PapersFlow's Research Agent uses searchPapers to query 'silk fibroin degumming papain' retrieving Feng et al. (2020), then citationGraph maps 61 citing works, and findSimilarPapers links to Silva et al. (2013) hydrogels. exaSearch uncovers non-indexed sericulture fabrication protocols.

Analyze & Verify

Analysis Agent applies readPaperContent on Zhou et al. (2018) to extract manufacturing tensile data, verifyResponse with CoVe cross-checks claims against Holland et al. (2018), and runPythonAnalysis plots mechanical property stats from extracted tables using pandas for fibroin strength comparisons. GRADE grading scores evidence quality on conformational studies.

Synthesize & Write

Synthesis Agent detects gaps in non-mulberry fibroin scalability from Silva et al. (2013), flags contradictions in sericin tensile claims between Zhang et al. (2011) and Kunz et al. (2016). Writing Agent uses latexEditText for scaffold diagrams, latexSyncCitations integrates 10 papers, latexCompile generates reports, and exportMermaid visualizes fabrication workflows.

Use Cases

"Compare tensile strength of glycerol-enhanced sericin films vs. controls from recent papers"

Research Agent → searchPapers 'glycerol sericin tensile' → Analysis Agent → readPaperContent (Zhang et al., 2011) → runPythonAnalysis (pandas plot stress-strain curves) → researcher gets matplotlib figure with 71% strength increase stats.

"Draft LaTeX review on silk fibroin hydrogel fabrication from mulberry vs non-mulberry"

Synthesis Agent → gap detection on Silva et al. (2013) → Writing Agent → latexGenerateFigure (hydrogel process) → latexSyncCitations (add Zhou et al., 2018) → latexCompile → researcher gets compiled PDF with 5 cited methods.

"Find open-source code for simulating silk fibroin conformations"

Research Agent → searchPapers 'silk fibroin molecular simulation' → Code Discovery → paperExtractUrls → paperFindGithubRepo → githubRepoInspect → researcher gets Python scripts for silk I/II beta-sheet modeling.

Automated Workflows

Deep Research workflow scans 50+ silk fibroin papers via searchPapers → citationGraph → structured report on fabrication trends from Holland et al. (2018). DeepScan applies 7-step CoVe to verify papain degumming claims (Feng et al., 2020) with GRADE scores. Theorizer generates hypotheses on ionic liquid scaling from Silva et al. (2013) data.

Try Doxa for Silk Fibroin Materials Fabrication and Properties Research

Frequently Asked Questions

What is silk fibroin fabrication?

Silk fibroin fabrication extracts protein from Bombyx mori cocoons via degumming, then forms films, hydrogels, or scaffolds using ionic liquids or plasticizers.

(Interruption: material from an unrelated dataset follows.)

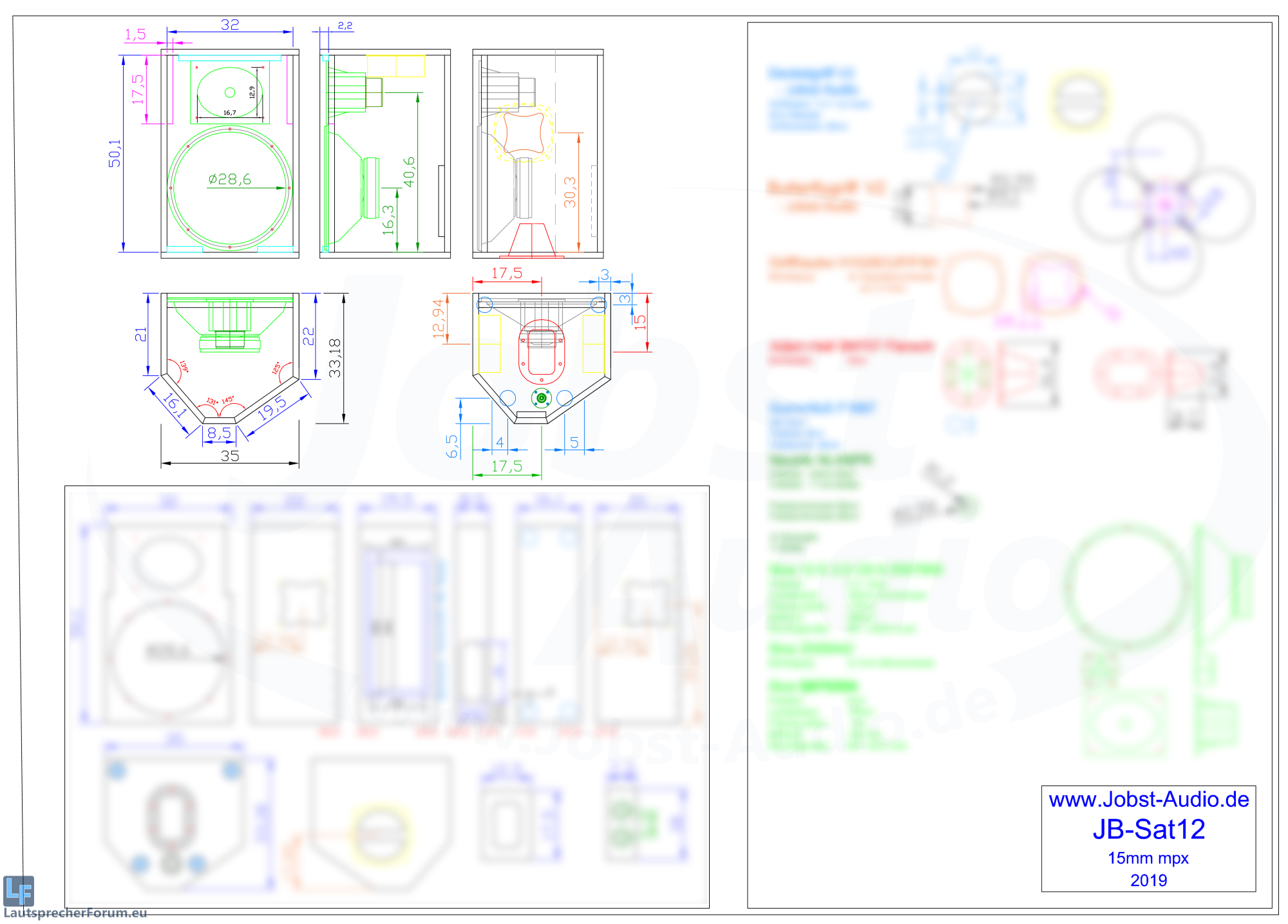 Zu Bauplänen und Weichen bei JB und LF bist Du ja fündig geworden; das Gehäuse wird ventiliert ausgeführt. Bei der LF ist noch je ein Portbrettwinkel drin; die JB hat nur die Schallwanddicke als Portlänge.

What are main methods in this subtopic?

Papain degumming preserves high MW fibroin (Feng et al., 2020); ionic liquids process non-mulberry hydrogels (Silva et al., 2013); glycerol enhances sericin tensile properties (Zhang et al., 2011).

What are key papers?

Holland et al. (2018, 757 citations) reviews biomedical silk; Zhou et al. (2018, 185 citations) covers advanced manufacturing; Silva et al. (2013, 82 citations) details ionic liquid hydrogels.

What open problems exist?

Scaling non-toxic degumming for industry; standardizing silk I/II conformations across silkworm species; integrating fibroin with coatings like HA for osteogenesis (Li et al., 2014).